Run scGNN¶
Program scGNN.py is the main entrance of scGNN to impute and clustering. There are quite a few parameters to define to meet users’ requirements.
Required¶
- datasetName defines the folder of scRNA-Seq
- LTMGDir defines folder of the preprocessed LTMG output
- outputDir Output folder of the results
Optional: Hyperparameters¶
- EM-iteration defines the number of iteration, default is 10
- Regu-epochs defines epochs in Feature Autoencoder initially, default is 500
- EM-epochs defines epochs in Feature Autoencoder in the iteration, default is 200
- cluster-epochs defines epochs in the Cluster Autoencoder, default is 200
- k is k of the K-Nearest-Neighour Graph
- knn-distance distance type of building K-Nearest-Neighour Graph, supported type: euclidean/cosine/correlation (default: euclidean)
- GAEepochs Number of epochs to train in Graph Autoencoder
Optional: Performance¶
- quickmode whether or not to bypass the Cluster Autoencoder.

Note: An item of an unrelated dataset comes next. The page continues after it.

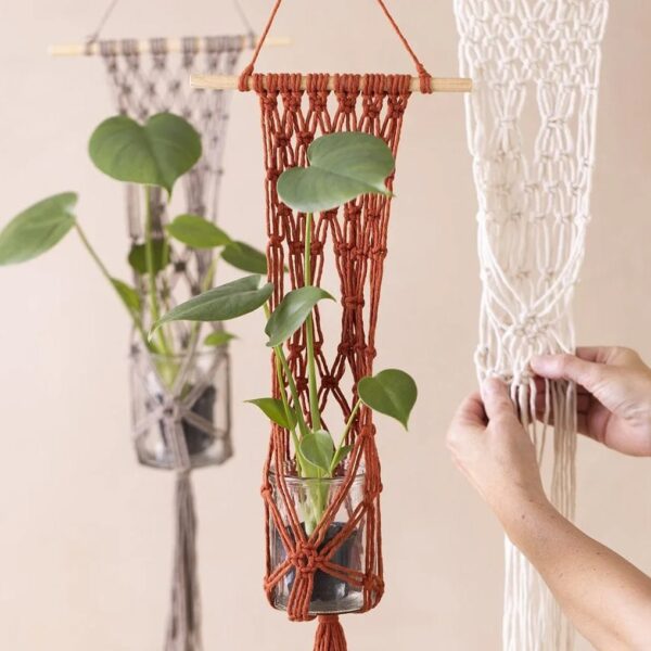 Wil je leren hoe je een bloemhanger maakt met slechts drie macraméknopen? Dan is deze set perfect voor je.

- useGAEembedding whether use Graph Autoencoder
- regulized-type is the regularized type: noregu/LTMG, default is to use LTMG
- alphaRegularizePara alpha in the manuscript, the intensity of the regularizer
- EMregulized-type defines the imputation regularizer type:noregu/Graph/Celltype, default: Celltype
- gammaImputePara defines the intensity of LTMG regularizer in Imputation
- graphImputePara defines the intensity of graph regularizer in Imputation
- celltypeImputePara defines the intensity of celltype regularizer in Imputation
- L1Para defines the intensity of L1 regularizer, default: 1.0
- L2Para defines the intensity of L2 regularizer, defualt: 0.0
- saveinternal whether output internal results for debug usage
Optional: Speed¶
- no-cuda defines devices in usage. Default is using GPU, add –no-cuda in command line if you only have CPU.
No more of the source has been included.